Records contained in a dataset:
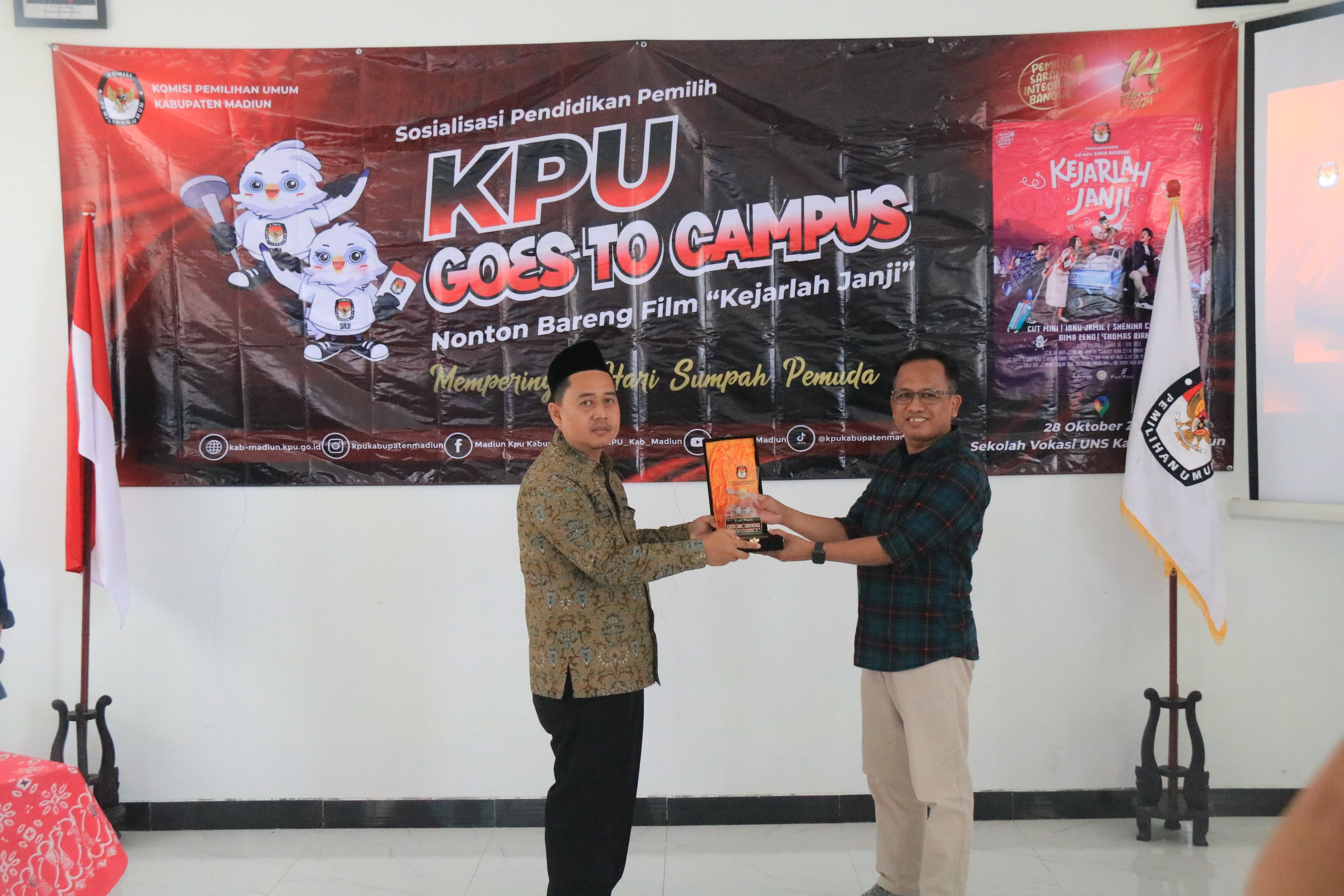 Awal Pelaksanaan Kegiatan ini yakni dengan bersama-sama mendengarkan Lagu Indonesia Raya, juga diputarkan Jingle Pemilu. Diawal sambutan juga disampaikan oleh Komisioner Divisi Sodiklih Parmas dan SDM Fahim Amrillah juga dilanjutkan oleh sambutan dari Wakil Dekan 1 Agus Dwi Priyanto. Berikut diserahkan Kenang Kenangan dari KPU Kabupaten Madiun kepada UNS yang di serahkan oleh Komisioner. Seluruh rangkaian kegiatan ini juga diselingi dengan hiburan live music akustik yang ditampilkan oleh perwakilan mahasiswa kampus UNS Kabupaten Madiun. setelah itu dilaksanakan foto bersama dan Menonton Film Kejarlah Janji sampai dengan selesai acara.
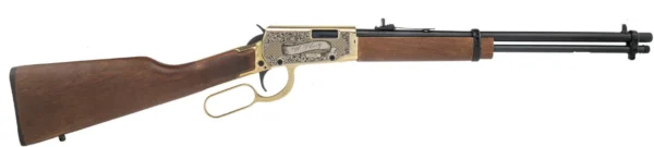 Rossi, MFG# RL22181WD-GBB, UPC: 754908900725, UOM: EA, Rio Bravo, .22 LR, Buffalo Bill, 18″ Barrel, Adjustable Sights, Gold Engraved Receiver, Hardwood, 15-rd, BRAZ, BRAZLG12, BRAZLGALL, LG12, LGALL
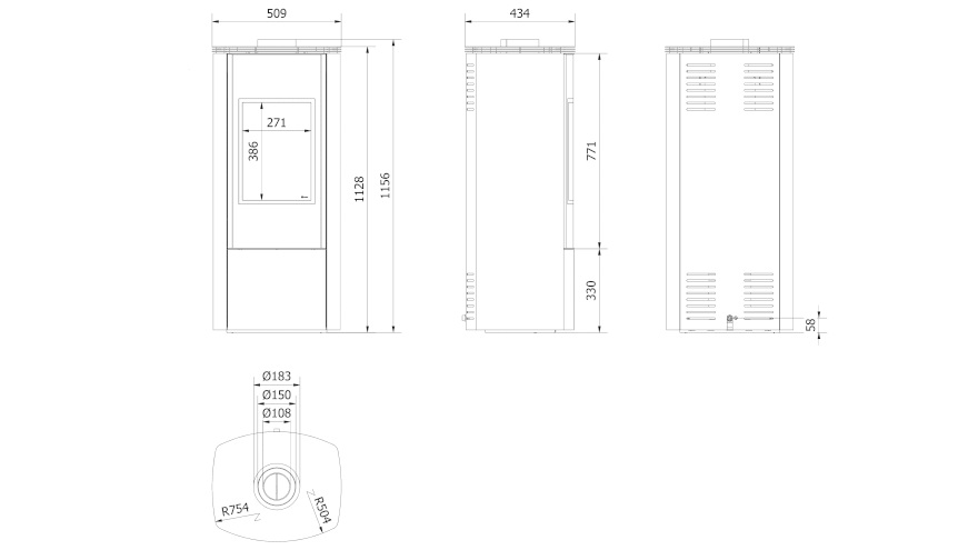 | Średnica wylotu spalin (mm) | 150 |
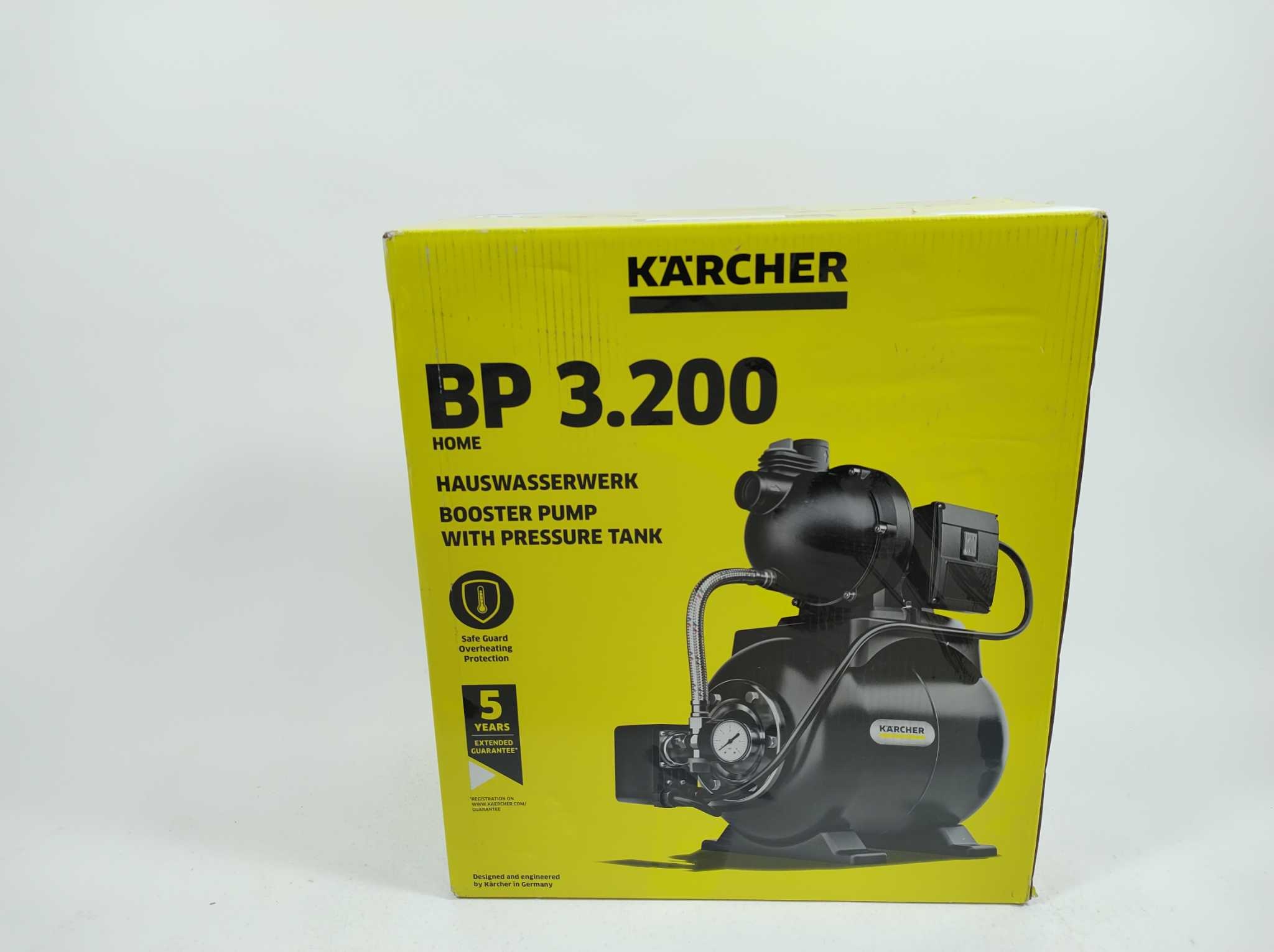 Kärcher Hydrofoorpomp BP 3.200 Home. De Kärcher BP 3.200 Home is een compacte hydrofoorpomp voor huishoudelijk gebruik. Met geïntegreerd 19-liter drukvat, automatische aan/uit-functie en thermische beveiliging levert hij betrouwbaar water voor toilet, was
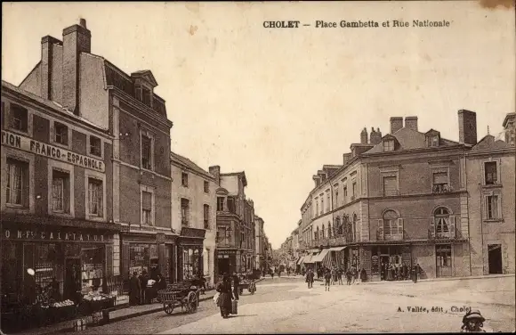 Ak Cholet Maine et Loire, Place Gambetta et Rue Nationale
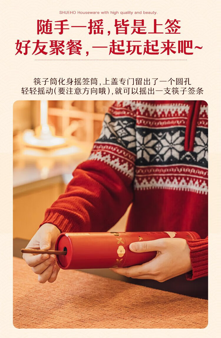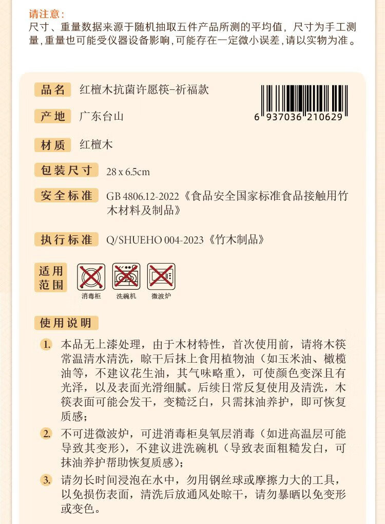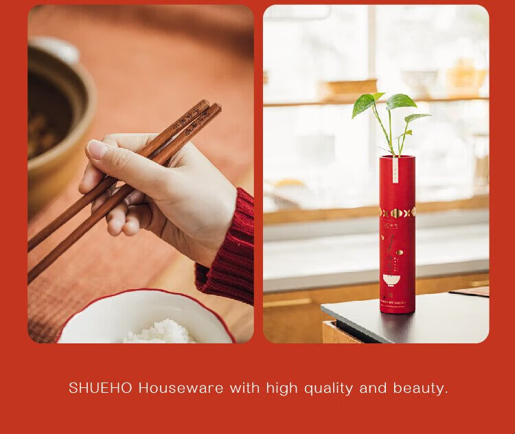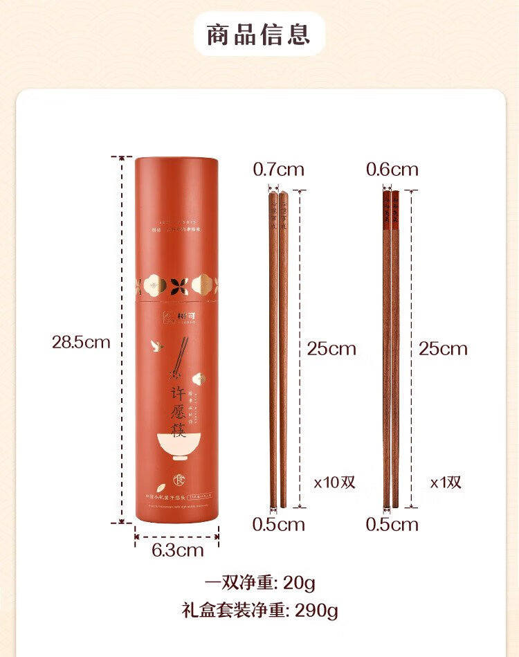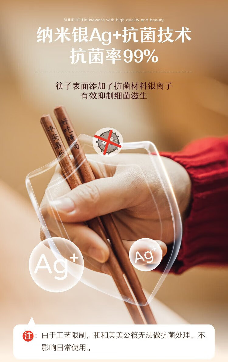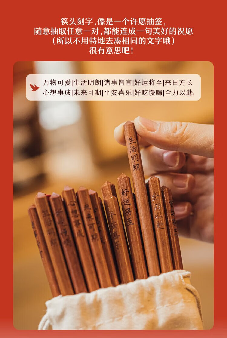 Shuke natural red sandalwood wishing chopsticks set new antibacterial paint-free wax solid wood Chinese style household one pair
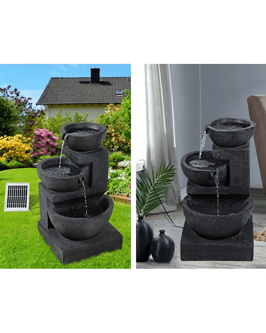 Add a conversational piece to your garden with our 3-tier Solar Fountain. With its eye-catching sculptural design, the Water Fountain certainly deserves a prominent place in your garden landscape.
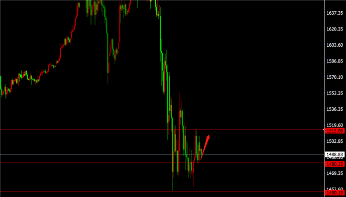 交易之路慢慢,随波逐流者多之!不谋全局者不足谋一城,市场风云,变幻莫测,定其心,观其势,谋定而后动,不乱于心,不困于情,运筹帷幄之中,方能决胜千里之外。名声与尊贵,来自于真才实学,有德自然香,大家好,我是李茉馨! 下周黄金走势详解 消息面:本周黄金震荡走跌,因流动性需求市场继续抛售黄金,推动美元站上100关口,最高触及103一线附近,但是因六家主流央行宣布协同行动以增强美元流动性,周五黄金收复部分失地。 技术面:虽然昨日黄金早盘跌至1450区域,随后快速拉升,美盘再次下挫,但是在1480区域获得支撑后反弹。当前黄金阶段性底部形态,下周黄金预计是探底反弹的走势,第一步测试1535压力位置,震荡
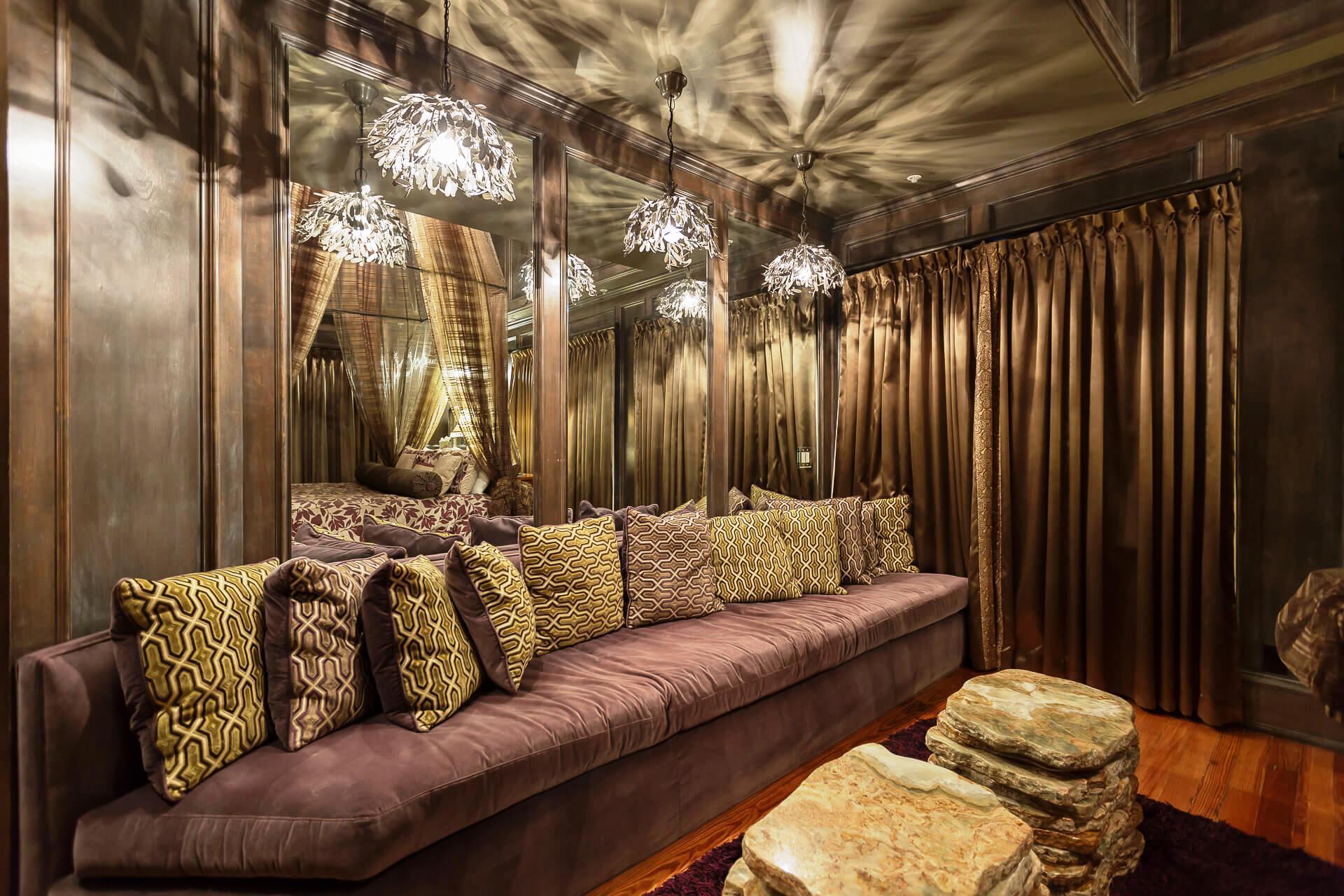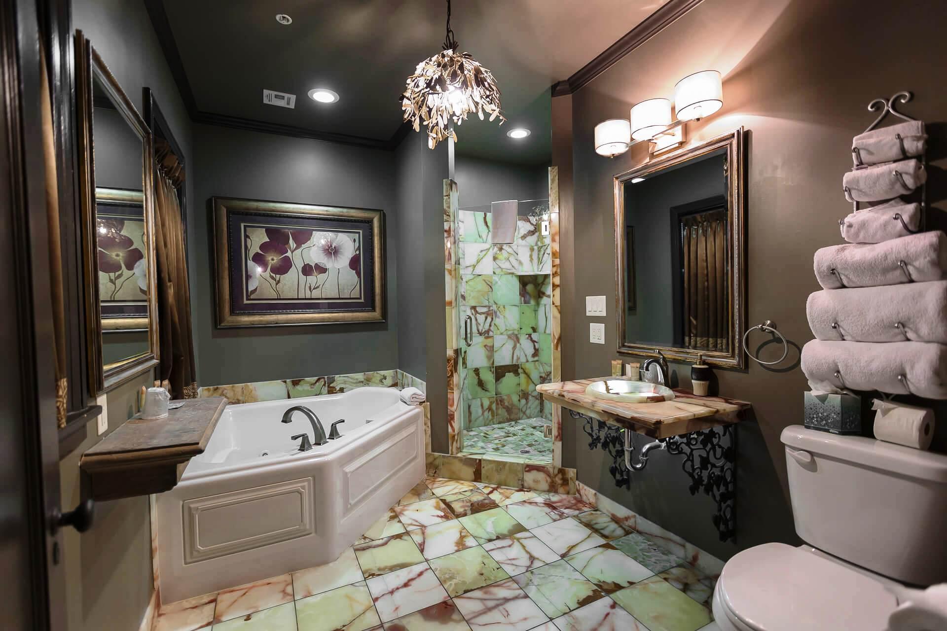 You will be swept away when you set foot in this amazing guest room. This king suite features a sleigh bed, a custom purple velvet sofa, mirrored walls, a fabulous bath with onyx tile, two person jetted tub and a stand alone shower with dual heads.
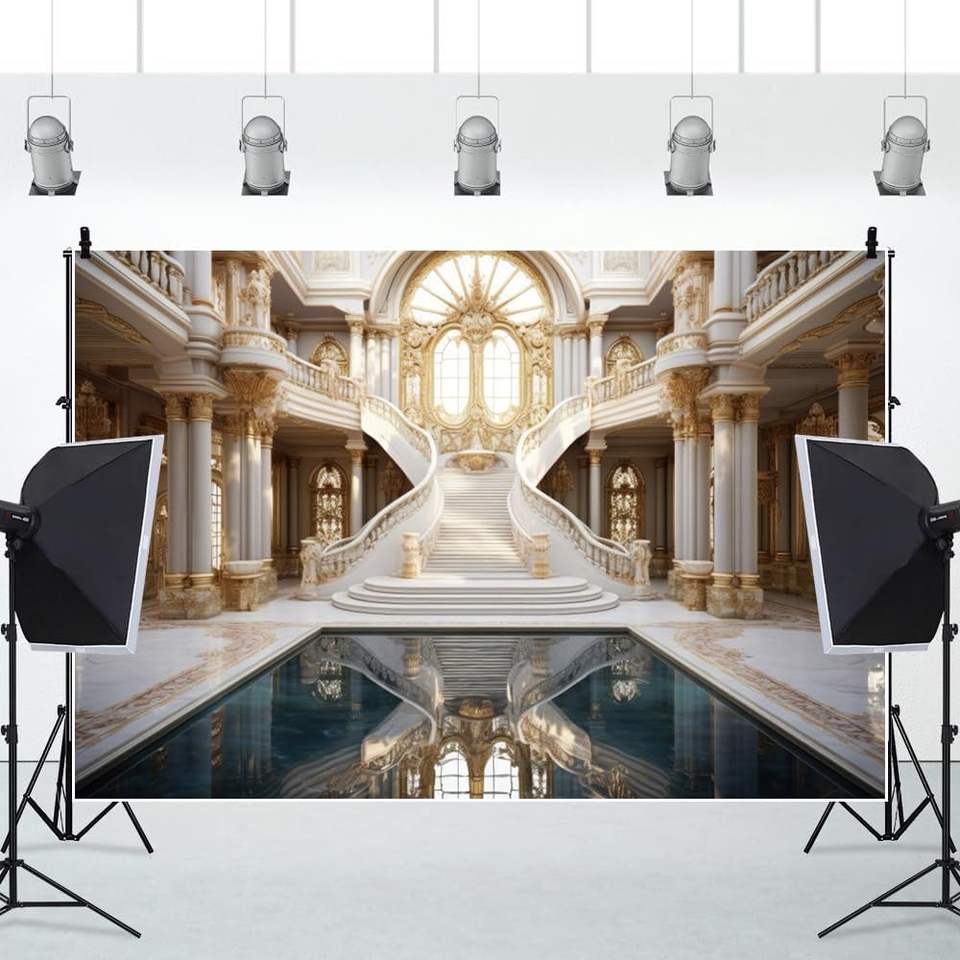 ฉากหลังบันไดทองหรูหราสำหรับพิธีแต่งงาน งานเลี้ยงฉลองเจ้าสาว ฉากหลังงานศิลปะสำหรับสาวๆ ตกแต่งงาน ผลิตในจีน

● **What the task asks**
In the data above, the stretch from the line with "Rossi, MFG# RL22181WD-GBB, UPC: 754908900725, UOM: EA, Rio" through the line with "(mm) | 150 |" is to be returned exactly, minus any pictures.

● **Expected answer**
 Rossi, MFG# RL22181WD-GBB, UPC: 754908900725, UOM: EA, Rio Bravo, .22 LR, Buffalo Bill, 18″ Barrel, Adjustable Sights, Gold Engraved Receiver, Hardwood, 15-rd, BRAZ, BRAZLG12, BRAZLGALL, LG12, LGALL
 | Średnica wylotu spalin (mm) | 150 |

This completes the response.